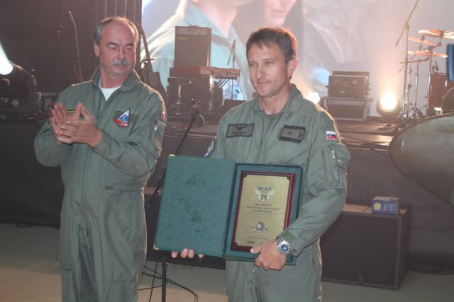 Cenu veliteľa Vzdušných síl OS SR udelenú za najlepšiu vojenskú letovú ukážku si zo Sliača tento rok odnáša pilot bojového lietadla JAS 39 Gripen Vzdušných síl českej armády.
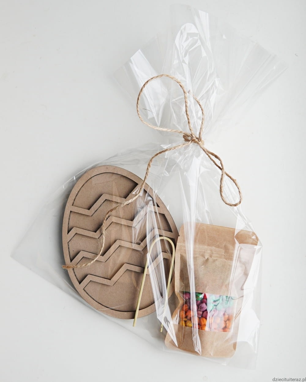 - sensokarton w kształcie pisanki o wymiarach 17cm x 12cm.
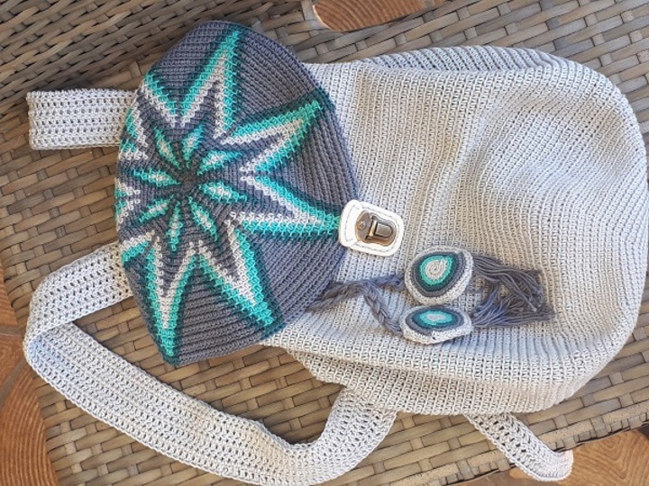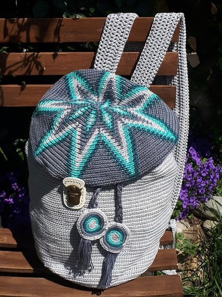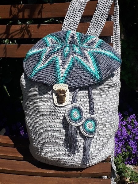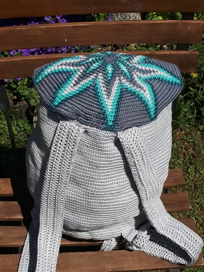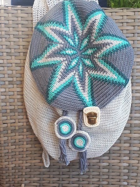 Hier habe ich wieder ein absolut einzigartiges Produkt für den modebewussten Liebhaber von Handarbeit. Man nennt diesen Stil Mochila. Das Muster und die Farben sind so gewählt, dass der Rucksack für Sie und Ihn gleichermaßen mit Stolz getragen werden kann :-)
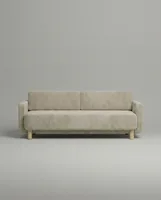 Каркас выполнен из берёзовой фанеры и массива хвойных пород. Многослойное наполнение из ППУ помогает дивану сохранять форму и комфортную поддержку в ежедневном использовании. Для модели доступно более 200 вариантов обивки, что позволяет подобрать исполнение под конкретный интерьер. Ножки из массива дуба подчёркивают качество исполнения и завершают образ модели.
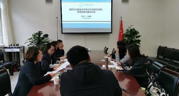 英国365集团官网于2019年10月24日下午在弘文楼公司会议室召开了国家社科基金中华学术外译项目申报研讨会。会议由英国365集团官网副经理杨红梅教授主持,特别邀请了陇东公司英国365集团官网副教授、副经理,博士,西安工程大学青年学术骨干,硕士生导师刘秉栋作了题为“国家社科基金中华学术外译项目申报:政策解读与路径分析”的报告。
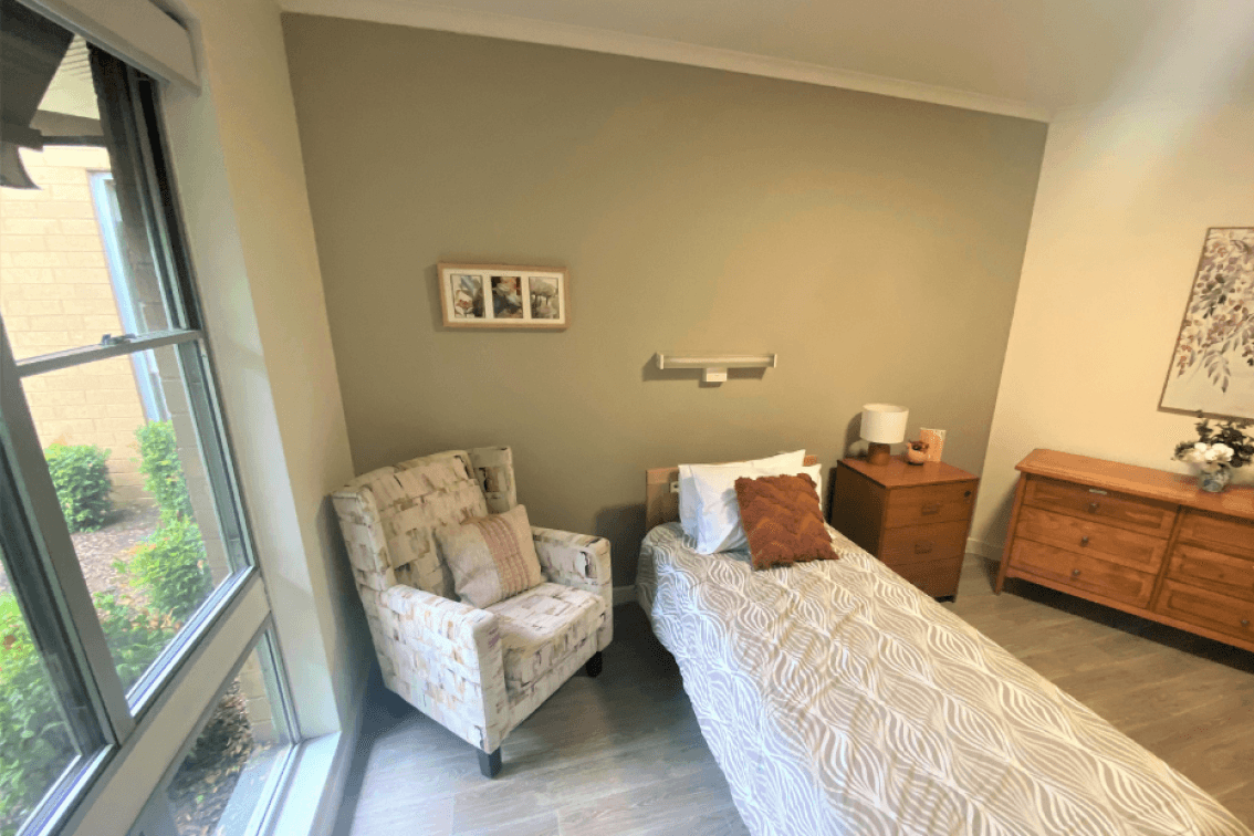 The generously sized room provides residents with extra comfort, offering ample space for a private lounge area and features beautiful garden views. The Deluxe room provides a relaxed environment maintaining a level of independence and privacy to enhance the overall experience.
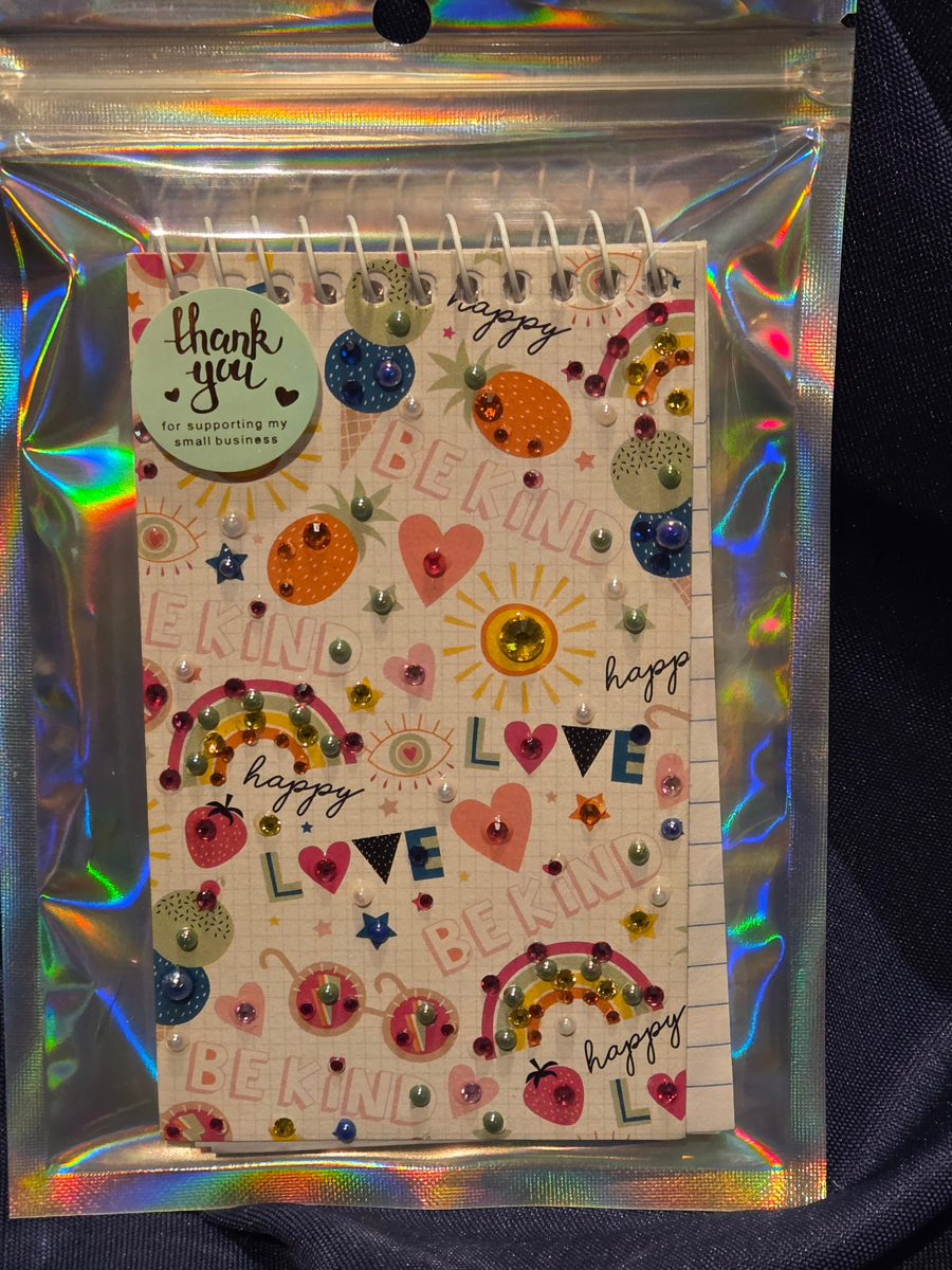 Add a bit of sparkle and whimsy to your day with this blinged-out 3x5 notepad and pen made by Andrea from House of Bling.
═══
_TASK TO COMPLETE_: Your answer must be an exact repeat of the records above, with no pictures in it.

_OUTPUT FOR THIS EXERCISE_:
 Cenu veliteľa Vzdušných síl OS SR udelenú za najlepšiu vojenskú letovú ukážku si zo Sliača tento rok odnáša pilot bojového lietadla JAS 39 Gripen Vzdušných síl českej armády.
 - sensokarton w kształcie pisanki o wymiarach 17cm x 12cm.
 Hier habe ich wieder ein absolut einzigartiges Produkt für den modebewussten Liebhaber von Handarbeit. Man nennt diesen Stil Mochila. Das Muster und die Farben sind so gewählt, dass der Rucksack für Sie und Ihn gleichermaßen mit Stolz getragen werden kann :-)
 Каркас выполнен из берёзовой фанеры и массива хвойных пород. Многослойное наполнение из ППУ помогает дивану сохранять форму и комфортную поддержку в ежедневном использовании. Для модели доступно более 200 вариантов обивки, что позволяет подобрать исполнение под конкретный интерьер. Ножки из массива дуба подчёркивают качество исполнения и завершают образ модели.
 英国365集团官网于2019年10月24日下午在弘文楼公司会议室召开了国家社科基金中华学术外译项目申报研讨会。会议由英国365集团官网副经理杨红梅教授主持,特别邀请了陇东公司英国365集团官网副教授、副经理,博士,西安工程大学青年学术骨干,硕士生导师刘秉栋作了题为“国家社科基金中华学术外译项目申报:政策解读与路径分析”的报告。
 The generously sized room provides residents with extra comfort, offering ample space for a private lounge area and features beautiful garden views. The Deluxe room provides a relaxed environment maintaining a level of independence and privacy to enhance the overall experience.
 Add a bit of sparkle and whimsy to your day with this blinged-out 3x5 notepad and pen made by Andrea from House of Bling.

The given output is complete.